** Opening INPUT DATA block **
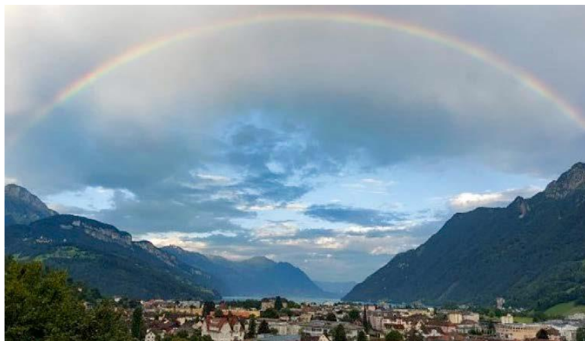
View from the convent to Brunnen.
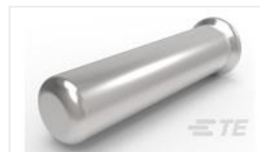
TE Part #2-332095-1 SOCKET,MIN-SPR AU SER-1
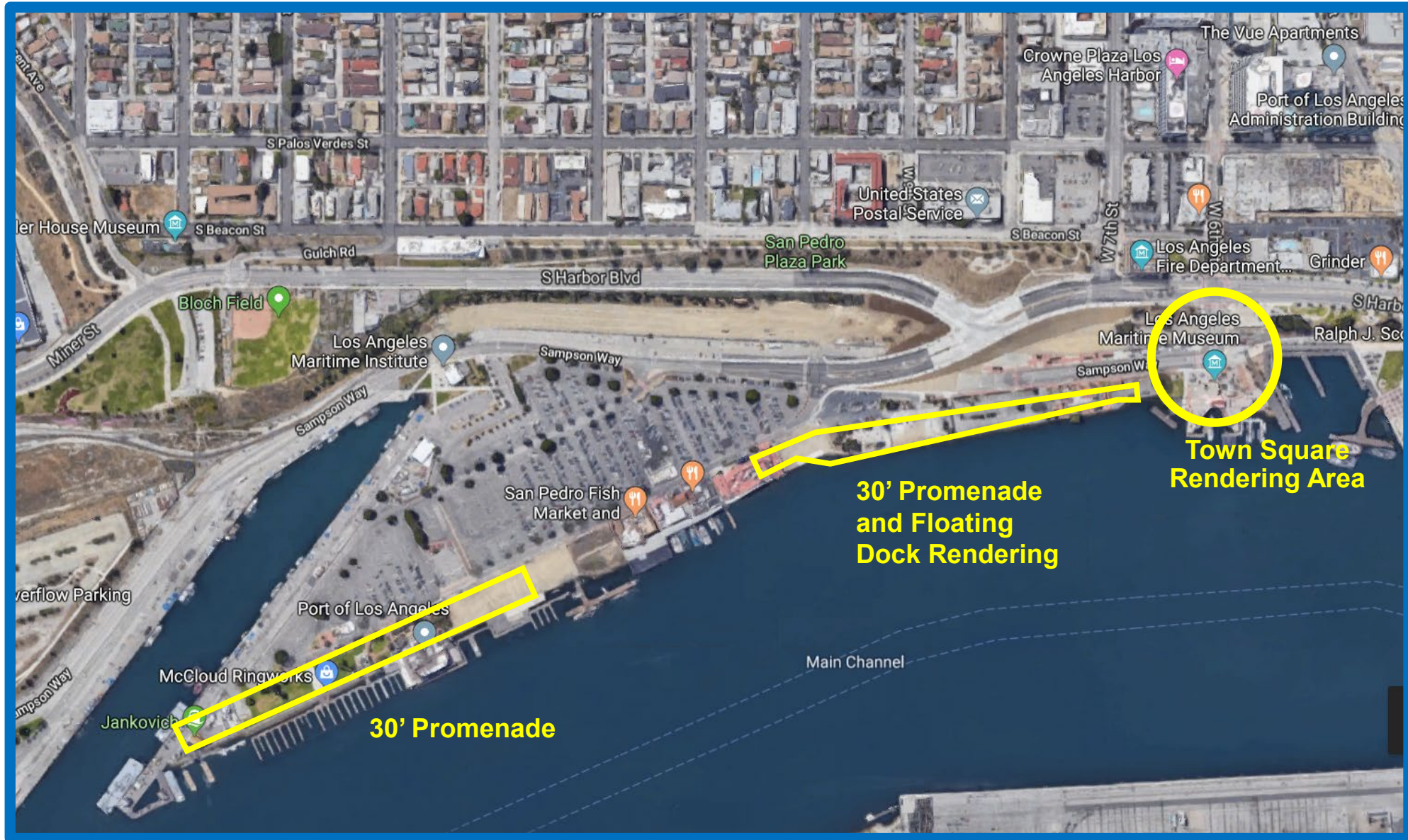
LOCATION MAP SAN PEDRO WATERFRONT – BERTHS 74-84 PROMENADE AND TOWN SQUARE SPECIFICATION NO. 2807
** Closing INPUT DATA block **
Nothing but the lines from the one that contains "TE Part #2-332095-1 SOCKET,MIN-SPR AU SER-1" through the last line of the material should be written out, exactly. Omit pictures.

--- WRITTEN SOLUTION ---
TE Part #2-332095-1 SOCKET,MIN-SPR AU SER-1
LOCATION MAP SAN PEDRO WATERFRONT – BERTHS 74-84 PROMENADE AND TOWN SQUARE SPECIFICATION NO. 2807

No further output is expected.